There are over 300 single points of failure in this unfolding sequence. 300 chances for a 10 billion dollar, 25 year project to end. 107 pins, holding the sunshield together, have to be released on queue, to allow the system of pulleys, motors, cables, bearings and springs to begin unfurling the sunshield into its precise complete shape.
This process will take 3 days, and once complete the optical components will unfold and lock into place. Completing the transformation process, but we are most certainly not in the clear.
The likelihood of the tennis court sized sunshield being struck by micrometeorites is fairly high, and because this a thin layer of plastic stretched out under tension, a small tear caused by an impact could cause a runaway tear ripping through the whole sunshield.

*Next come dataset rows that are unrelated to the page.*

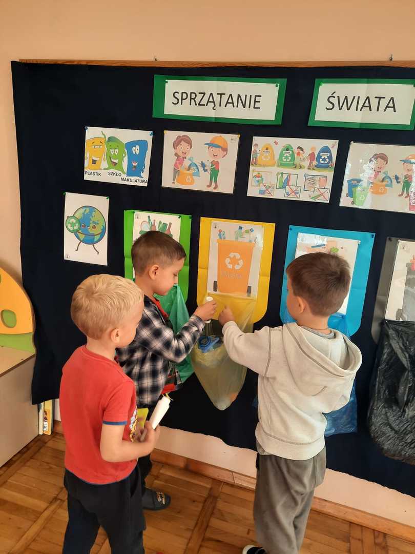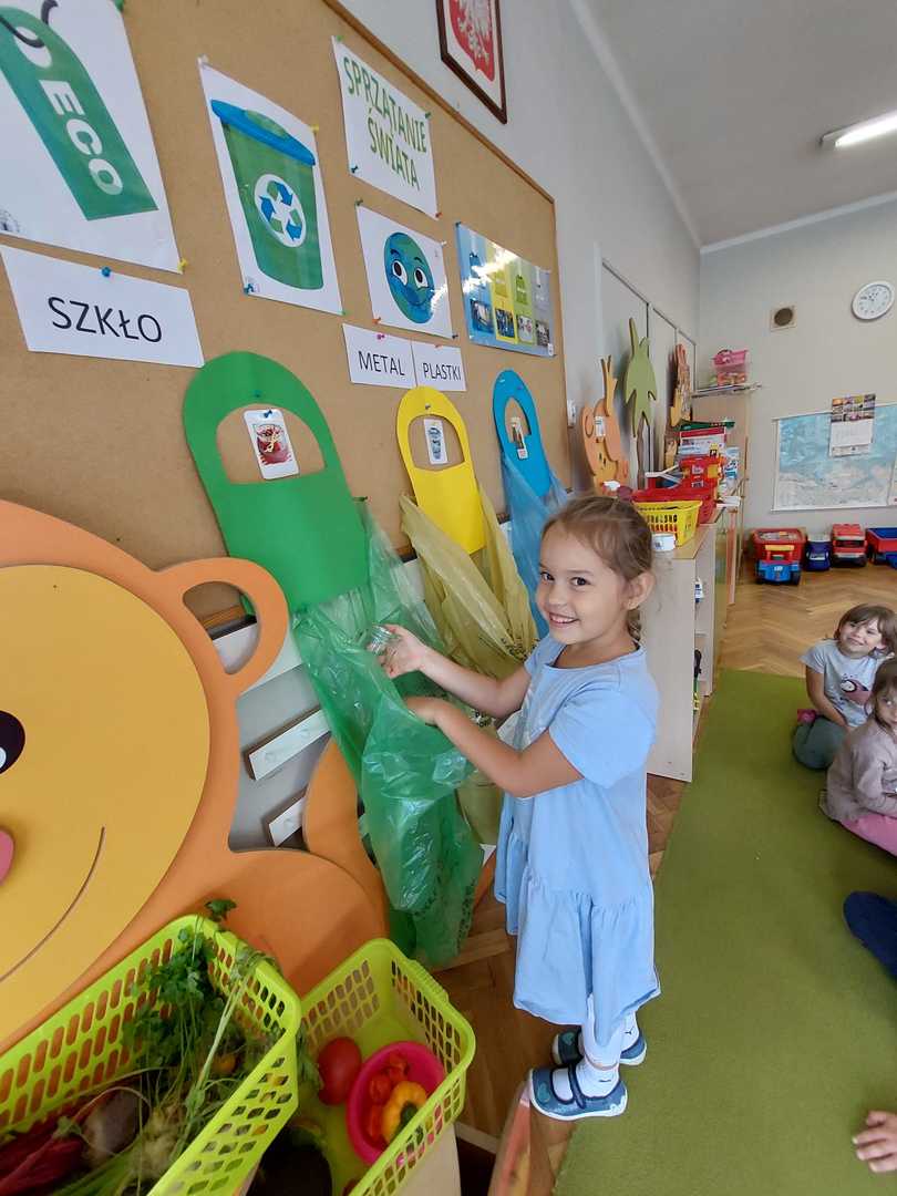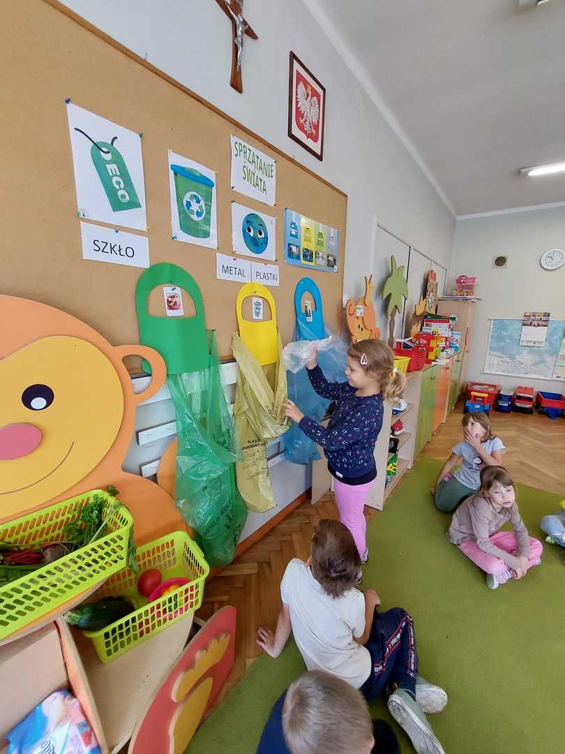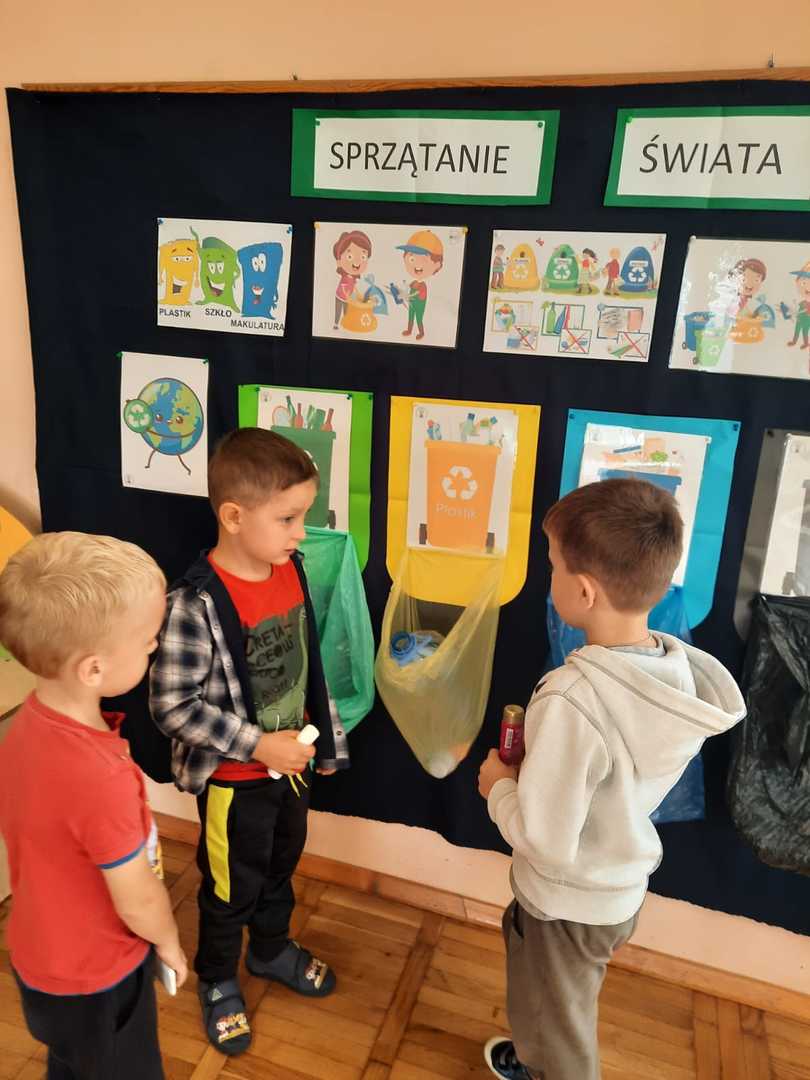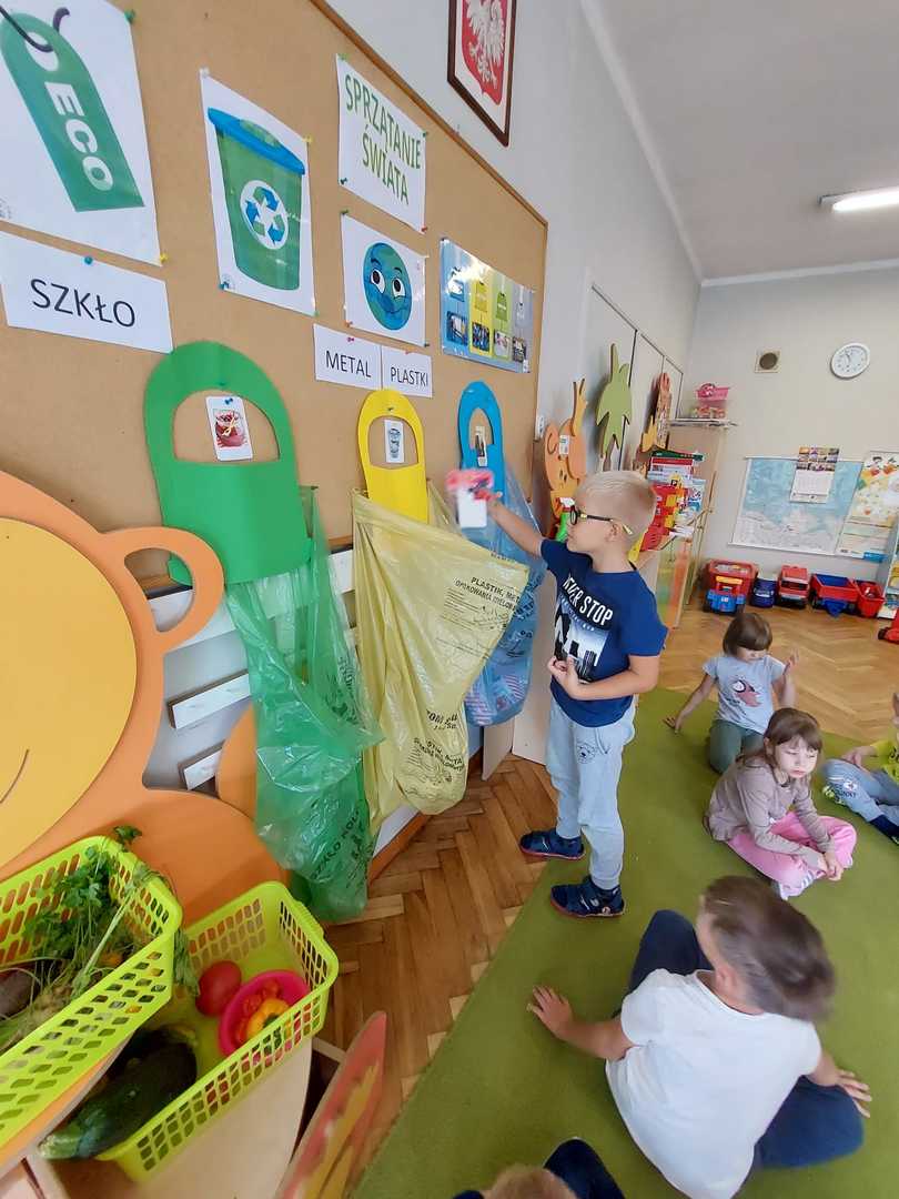 Po raz kolejny dzieci z naszego przedszkola wzięły udział w ogólnoświatowej akcji - Sprzątanie świata, który co roku przypada od 16 - 18 września. W tym roku akcji towarzyszyło hasło "Wszystkie śmieci są nasze ". Zgodnie z nim dzieci z wszystkich grup podjęły się wyzwania ale najpierw dowiedziały się jak należy segregować śmieci a następnie wyruszyły wraz z wychowawczyniami pozbierać je w okolicy naszego przedszkola. Bo każdy przedszkolak mały czy duży wie, że aby Ziemi było lżej - segregować śmieci chciej...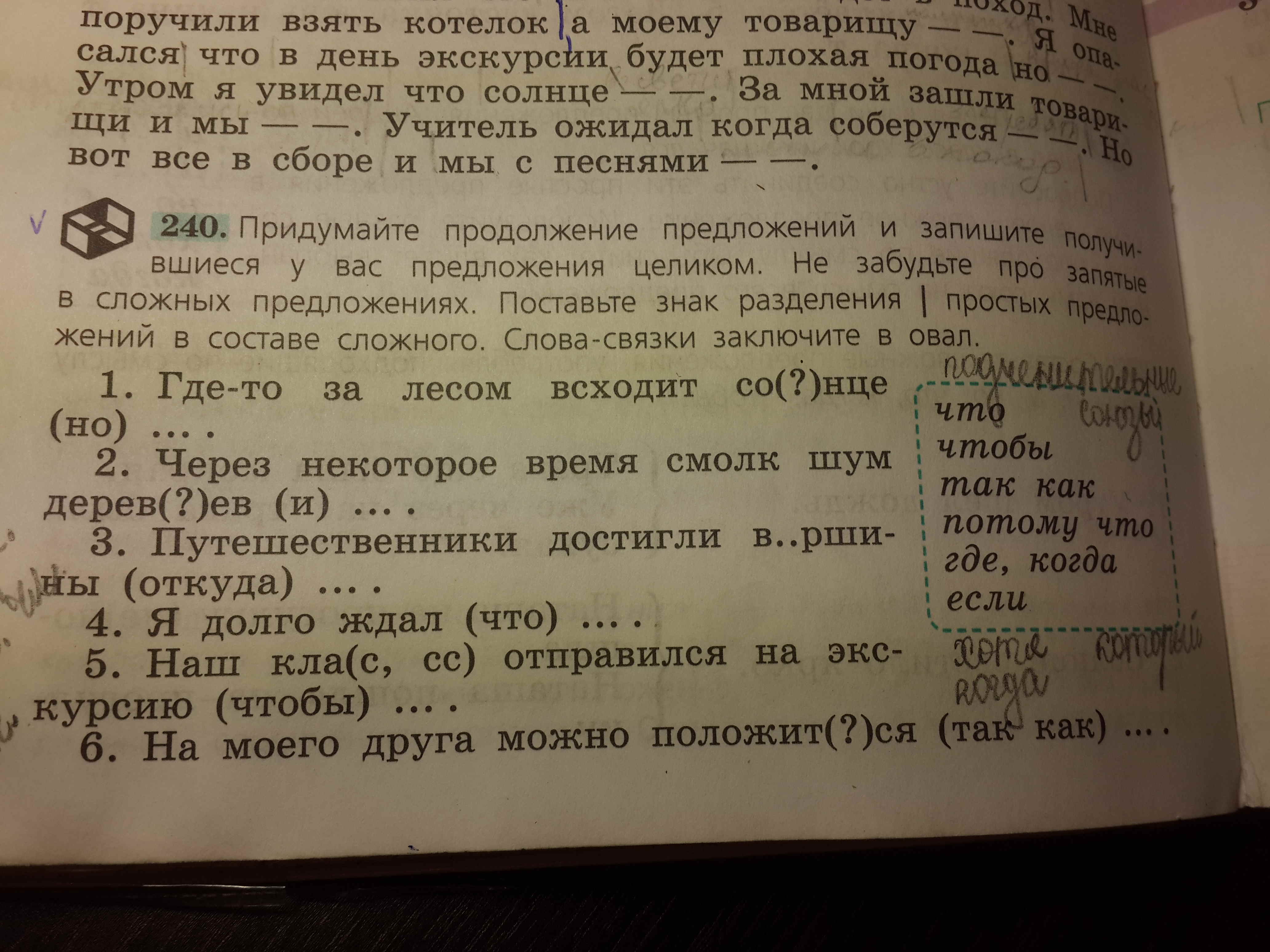 1.Где-то за лесом всходит солнце,| но его плохо видно.2.Через некоторое время смолк шум деревьев,| и подул лёгкий ветерок.3.Путешествинники достигли вершины,| откуда был красивый вид.Я долго ждал,| что через неделю у меня будет день рождения.4.Наш класс отправился на экскурсию,| чтобы увидеть множество прекрасных картин.5.На моего друга можно положиться,| так как он очень верный и добрый.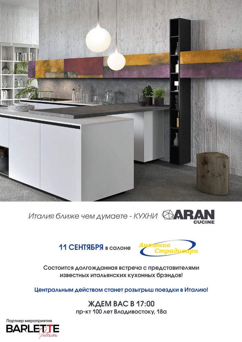 11 сентября салон "Антонио Страдивари" приглашает всех желающих на встречу с представителями итальянских кухонных брендов. Вы сможете лично узнать, что сейчас в моде, какие технологии используются в современных кухнях. И приятный бонус - на встрече будет проводиться розыгрыш поездки в Италию!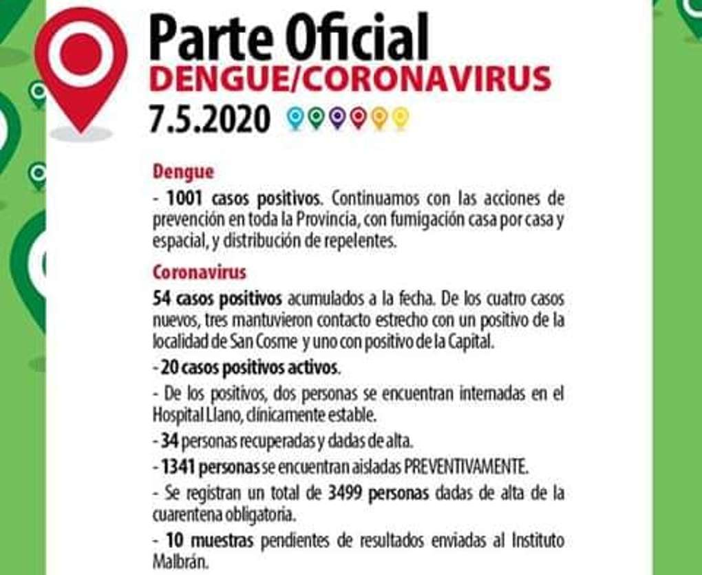 El parte oficial de este jueves 7 de mayo, detalla que se registraron 4 nuevos casos positivos, tres provienen de contacto estrecho con un positivo de la localidad de San Cosme, se encuentran aislados y en buen estado clínico. El otro caso corresponde a la capital correntina A la fecha se acumulan 54 casos positivos.En cuanto al dengue la cifra superó los mil contagiados.

To prevent this, rip stop seams have been molded into the sunshield, which will arrest tears and keep them confined to a single portion of the shield without compromising structural integrity.
The film has also been carefully moulded with corrugations and other shapes to stiffen and shape the shield as needed. This passive cooling system helps tremendously, ensuring the dark side of the telescope is shielded from the sun’s heat keeping it’s sensitive heat detecting instruments at 40 degree Kelvin, about -233 degrees celsius.
But parts of the telescope, specifically the mid-infrared detection instrument, located here, needs to be even colder to work correctly. It needs to be 7 degrees Kelvin, just 7 degrees off the absolute minimum temperature of the universe of zero degrees Kelvin, and for this we need active cooling.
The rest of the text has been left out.